Literary Biography: Art or Archaeology?
Writers about writers this month engage the attention of ATLANTIC critic Louis Kronenberger. He illuminates the literary biographer’s problem in deciding whether to write about a man who wrote books or about the books a man wrote.
by LOUIS KRONENBERGER
LITERARY biography — the lives of writers — is a form of literature clearly deserving a very judicious survey; yet even within the confines of the English language, there has up to now, so far as I am aware, been no orderly, large-scale history of it. The amount of material, to be sure, is frightening; but at least its all-too-vast lower depths—exhibiting, as they do, stock tendencies and recurrent weaknesses—can be much of the time evaluated on the analogy of the bad apple speaking for the barrelful. And in Lives and Letters: A History of Literary Biography in England and America, Richard D. Altick, the author of The Scholar Adventurers, has gone manfully at the subject, offering a documented, often detailed history from the distant infant days of the Waltons and Fullers to the decade we are living through. He has read “several hundred biographies,” in addition to many nonliterary ones; he has quoted the theorizings, and conceivably the rationalizings, of dozens of biographers; and he has virtually anthologized the critics on the subject, whether they speak in small, specific or in large, general terms. He has himself been critic as well as chronicler; and any names that one might charge him with neglecting can have no vital bearing on how thoroughly he records, or from what a diversity of examples he appraises. Indeed, what his book tends particularly to suffer from is a sense of too-muchness, of a larger framework, a fuller commentary, than the subject seems happy with — whether because, so frequently in the telling, Mr. Altick’s History repeats itself, or because of not enough real substance and significance in the tale. But we might best follow the story first, and discuss its pluses and minuses afterward.
The childhood of literary biography was more backward, the development even slower, than that of biography (the word only dates from the 1660s) itself. Even during the Renaissance, there was small sense of “an essential connection between person and artist”; and beyond that, not just a lack of research methods, but a dearth of research materials. The first native work to matter, Isaak Walton’s famous Lives, has the serious flaw of finding its subjects to be virtually flawless. The first native work to delight, John Aubrey’s Brief Lives, is, as its devotees know, a wonderful ragbag of colored scraps, quaint smut, and glittering hearsay. Thus Ben Jonson
like Clun the player. Perhaps, he begot Clun.
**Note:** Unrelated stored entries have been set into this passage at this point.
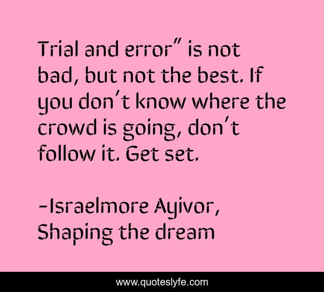 This page presents the quote "Trial and error” is not bad, but not the best. If you don’t know where the crowd is going, don’t follow it. Get set.". Author of this quote is Israelmore Ayivor, Shaping the dream. This quote is about better, food-for-thought, good, crow, not-bad, get-set, bad, trial-and-error, try,.
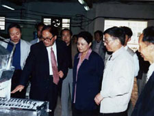 科技部副部長鄧楠視察昆明貴金屬研究所催化劑生產線。 (供圖:昆貴)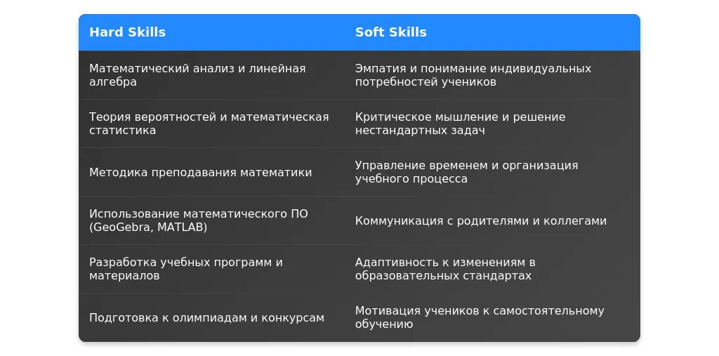После адаптации: "Знание математики, опыт подготовки к ОГЭ/ЕГЭ, работа с интерактивными досками, опыт в инклюзивном образовании."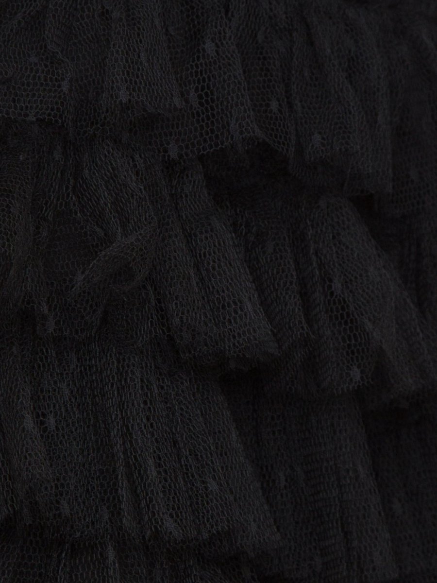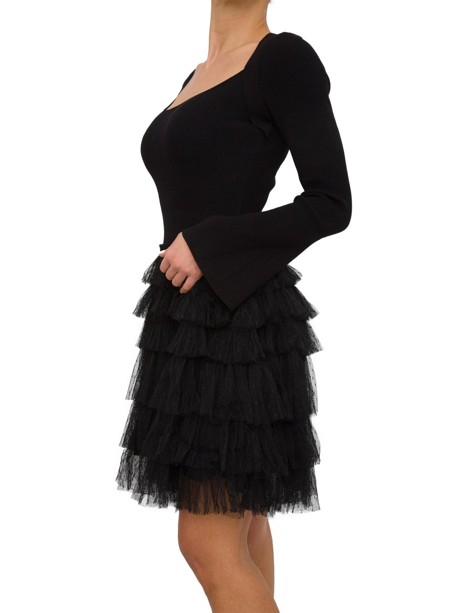 Abito corto in maglia di viscosa stretch a coste, effetto coprispalle, e gonna a balze multistrato in tulle e plumetis.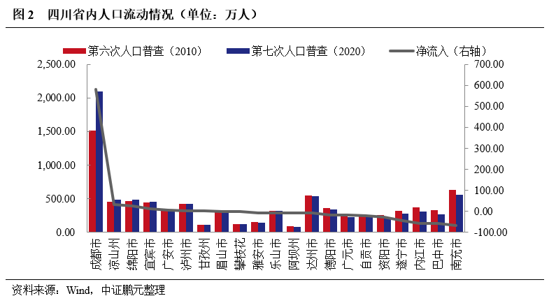 省會成都市對省內人口“虹吸”效應強。成都市作為全省的經濟、金融中心和交通通信樞紐,近十年持續聚集全省人口。2020年末成都市常住人口突破2,000萬,占全省人口的比例約1/4,較第六次全國人口普查增長581.89萬人;全省13個地市(州)出現人口凈流出。分五大經濟區[2]看,成都平原經濟區常住人口為4,193.5萬人,占50.12%;川南經濟區常住人口為1,447.3萬人,占17.3%;川東北經濟區常住人口為1,926.6萬人,占23.02%;攀西經濟區常住人口為607.1萬人,占7.25%;川西北生態示范區常住人口為193萬人,占2.31%。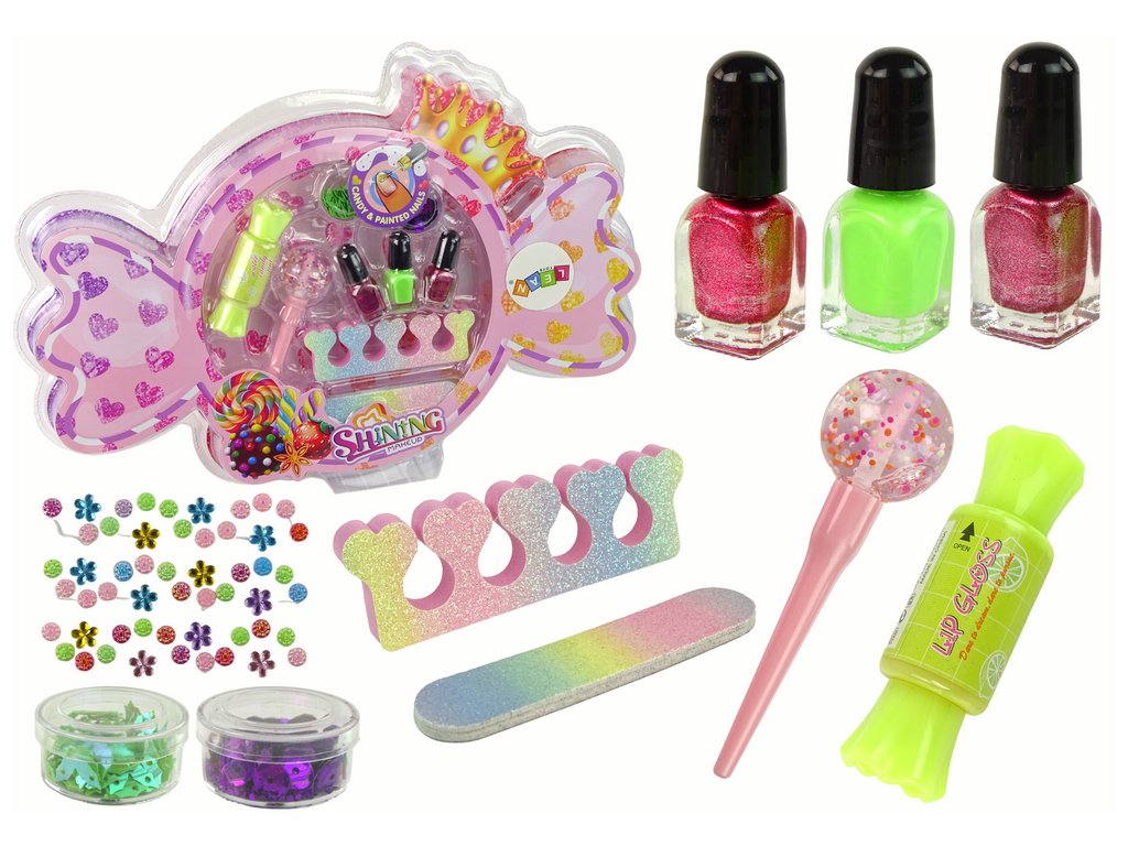 Okouzlující sada krásy, zabalená v jedinečném balení ve tvaru bonbonu. Tato fenomenální sada je perfektním dárkem pro malé milovnice líčení, kosmetiky a kreativní zábavy.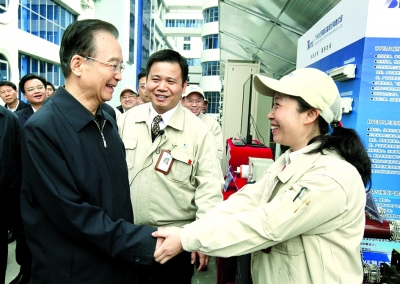 2月3日至4日,國務院總理溫家寶到廣東省走訪企業、村莊。這是2月4日,溫家寶考察白云電氣集團公司時與工人親切交談。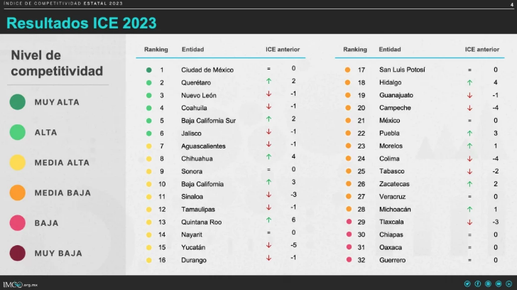 El ICE 2023 realizado por el Instituto Mexicano para la Competitividad (IMCO), apunta que 10 estados mejoraron su posición, 13 retrocedieron y 9 se mantuvieron igual.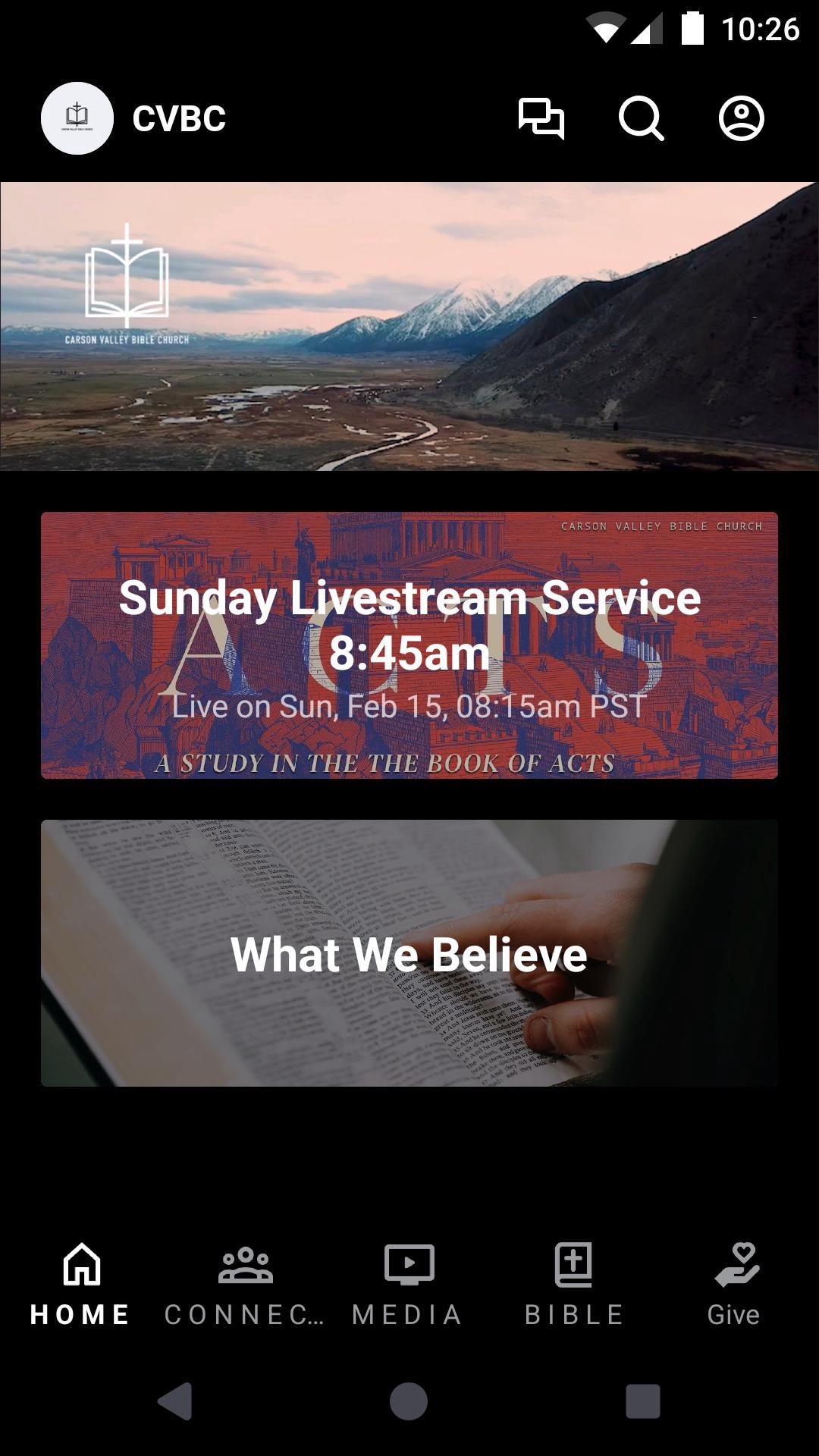 This app will help you stay connected with the day-to-day life of Carson Valley Bible Church! With this app you can: watch or listen to past messages; stay up to date with push notifications; share your favorite messages via Twitter, Facebook, or email; receive church communications; download messages for offline listening; share a prayer request, sign up for an event, and more!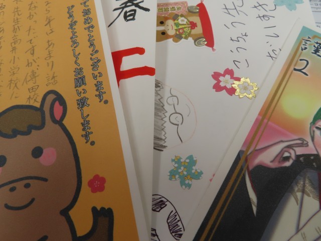 私(校長)宛の年賀状もたくさん。いつも本当にありがとう。😊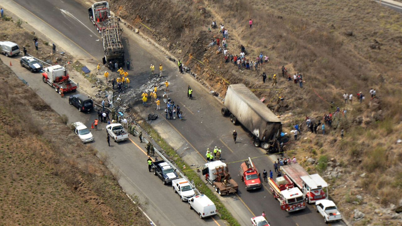 Ülkenin güneyindeki Nayarit eyaletinden ABD sınırındaki Chihuahua eyaletine bağlı Ciudad Juarez kentine giden otobüsün mısır taşıyan kamyondan ayrılan dorseye çarparak devrilmesi sonucu kaza meydana geldi.

This painting in the blemishes, often without the face, this portraiture-by-anecdote, was to develop during the century to come into a species of biography — or a substitute for it — whether as ana (“Swiftiana,” “Walpoliana”) or as table talk. These blobs, the meager, trivial substance of their own day, have become the flavorers of many later volumes. For, even where it was highbred and cultivated, the eighteenth century developed a very secular spirit and a very gamy taste; and biography, by dishing up a certain number of facts to bear witness to its truth-telling, could insinuate lies and slide effortlessly into fiction. Thus Pope’s publisher antagonist, Edmund Curll, who was to become posterity’s Unspeakable Curll, ran a factory whose hacks shrugged off truth and snatched at scandal while producing, for a mass audience, full-length biographies of criminals and reformers, actors and slave traders, bluestockings and valets. If Curll’s unsavory life stories were said to have “added a new terror to death,” they and their kind yet constituted a new form of writing and found a new public.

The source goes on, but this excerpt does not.